Originally written by SIMON BAMPFIELD
THE Portland Junior Football Association has shown concern over the South West District Football League’s decision to adopt an unofficial trial under-12 Auskick competition.
The decision from the South West is purely on a trial basis and will be two 15-minute halves.
President of the South West District Football League Wayne Nunn has stressed that its just to get kids having a kick of the football.
“South West netball has introduced under-15 and under-13 competitions at the moment, and I have seen a lot of kids on the ground kicking the football at half-time and so forth, so I thought it would be good to give them a kick in an unofficial competition instead,” Nunn said.
The players would need to be Auskick registered which would cover them for insurance purposes and Nunn added that they would not need to re-register with their PJFA clubs the following day.

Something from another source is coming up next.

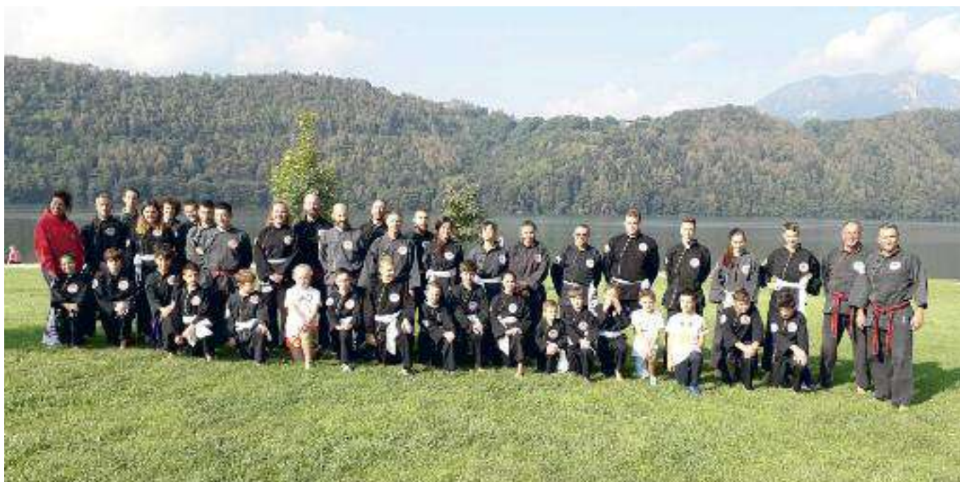
Presenza all'Alzheimer Fest a Levico Terme

“If it’s run under the Auskick banner then they won’t have to, they will still have to be registered for Auskick which covers their insurance.”

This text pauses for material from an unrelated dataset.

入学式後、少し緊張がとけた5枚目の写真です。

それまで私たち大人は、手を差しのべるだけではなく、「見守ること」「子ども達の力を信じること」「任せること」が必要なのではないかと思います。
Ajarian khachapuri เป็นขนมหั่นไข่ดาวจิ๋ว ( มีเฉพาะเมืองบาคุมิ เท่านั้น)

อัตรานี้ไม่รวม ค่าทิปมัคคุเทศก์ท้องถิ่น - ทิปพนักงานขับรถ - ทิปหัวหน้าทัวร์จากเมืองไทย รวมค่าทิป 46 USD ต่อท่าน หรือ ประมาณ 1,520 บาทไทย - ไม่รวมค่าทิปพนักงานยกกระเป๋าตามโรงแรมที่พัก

If the players are coming from the current Portland Junior Football Association under-12 format, PJFA secretary Cheree Meulendyks is worried where it will end.
“If the kids are coming from us, it would deplete our under-12 competition,” Meulendyks said.

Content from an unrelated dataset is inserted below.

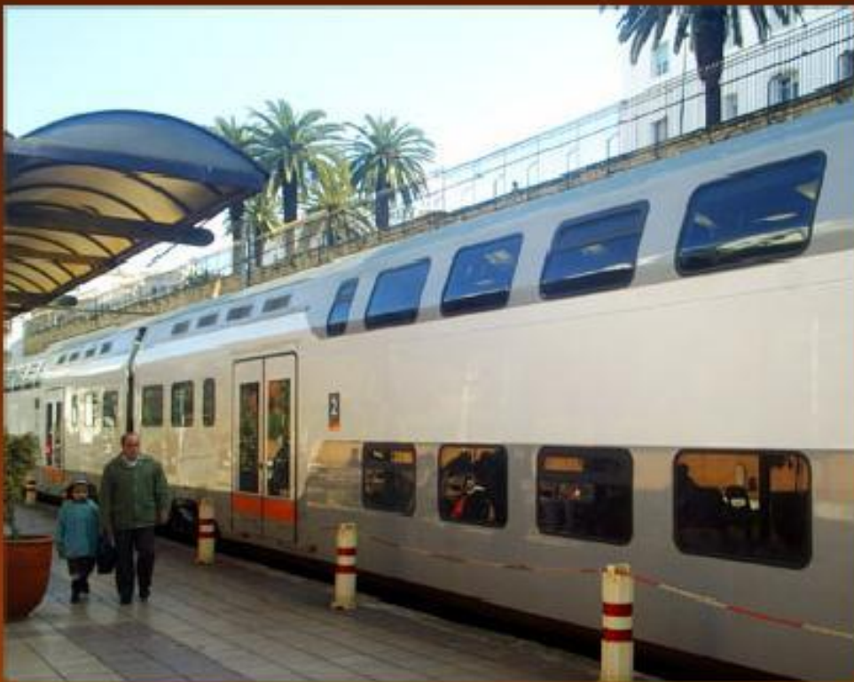
Двухэтажный вагон поезда на одной из станций в Марокко

“And of course we are concerned, after these kids finish the under-12′s will they (South West) start up an under-14 competition?”
The junior association has run the under-12 competition for the past four years.
Nunn stated that the South West had no intentions of forming a junior competition, but noted the league had to be ready in case of restructuring happened in the area.
“If the Western Border don’t alter, I can’t see us doing it, but if they change then the junior competitions in Western Border areas might be in trouble and the South West will have to pick up the slack,” Nunn said.
The Western Border Football League, for the past few years anyway, has had pressure to change its structure to include a junior competition such as under-16 and under-14 teams.
“The Western Border, the South Australian sides anyway, have been pushing for a junior competition for years, but the Victorian-based teams haven’t allowed it to happen and it would be a shame if this competition wasn’t around because there are clubs here that have been around for 50 years,” Meulendyks said.
Even if the competition is unofficial Meulendyks is still worried that numbers will be dramatically reduced.
“We’ve probably got 150 kids at the moment, and there will be some that will play both days, but I think there will be a lot that won’t.
“Perhaps a lot of the parents of these kids, who do play football and/or netball with the South West clubs, won’t allow them to play both days and just leave Sunday’s as a day off.”
Victorian Country Football League Western Area Manager Brett Anderson wasn’t aware of the proposed competition.
“It is the first I have heard of it, obviously the more junior football played the better, but numbers were down the last couple of years in the Portland Junior Football Association, they seem to be good this year and the competition seems to be good as well,” Anderson said.
“It might have to be a case of the two competitions working together and making sure that the junior competition isn’t affected.”
The teams will not necessarily run out in the South West club colours with Sandford already stating that it can borrow a set of jumpers from a school.
Nunn noted that not all players will need to be in club colours.
Many players already have jumpers in club colours and if they do not then it would not be an issue.